■ Input records
>>>

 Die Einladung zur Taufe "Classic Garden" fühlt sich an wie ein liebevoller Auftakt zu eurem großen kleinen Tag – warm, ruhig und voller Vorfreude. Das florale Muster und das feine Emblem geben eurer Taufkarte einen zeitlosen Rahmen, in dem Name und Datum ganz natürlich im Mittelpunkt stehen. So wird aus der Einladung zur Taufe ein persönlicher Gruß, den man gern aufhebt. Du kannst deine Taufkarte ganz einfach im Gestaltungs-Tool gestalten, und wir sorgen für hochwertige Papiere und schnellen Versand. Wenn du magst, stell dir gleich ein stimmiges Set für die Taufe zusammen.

<<<
>>>

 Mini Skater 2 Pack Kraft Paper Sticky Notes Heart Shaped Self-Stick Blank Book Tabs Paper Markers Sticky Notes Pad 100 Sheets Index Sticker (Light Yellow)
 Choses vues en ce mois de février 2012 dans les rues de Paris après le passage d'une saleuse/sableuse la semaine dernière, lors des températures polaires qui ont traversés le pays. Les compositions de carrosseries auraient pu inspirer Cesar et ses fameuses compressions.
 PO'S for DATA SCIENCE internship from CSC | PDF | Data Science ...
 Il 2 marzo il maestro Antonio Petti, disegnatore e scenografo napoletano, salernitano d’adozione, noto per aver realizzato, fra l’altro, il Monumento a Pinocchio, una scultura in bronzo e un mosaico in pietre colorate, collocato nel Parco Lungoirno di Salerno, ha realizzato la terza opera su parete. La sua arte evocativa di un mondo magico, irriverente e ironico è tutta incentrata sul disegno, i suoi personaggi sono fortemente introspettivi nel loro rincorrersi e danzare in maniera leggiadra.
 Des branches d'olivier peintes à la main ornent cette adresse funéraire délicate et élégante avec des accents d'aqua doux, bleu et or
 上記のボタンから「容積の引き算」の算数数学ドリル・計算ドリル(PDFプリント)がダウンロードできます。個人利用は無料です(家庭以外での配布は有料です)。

<<<

■ What the exercise asks
Restate word for word only the lines above from the line containing "Des branches d'olivier" to the line containing "上記のボタンから「容積の引き", both of them included.

■ Solution to the exercise
 Des branches d'olivier peintes à la main ornent cette adresse funéraire délicate et élégante avec des accents d'aqua doux, bleu et or
 上記のボタンから「容積の引き算」の算数数学ドリル・計算ドリル(PDFプリント)がダウンロードできます。個人利用は無料です(家庭以外での配布は有料です)。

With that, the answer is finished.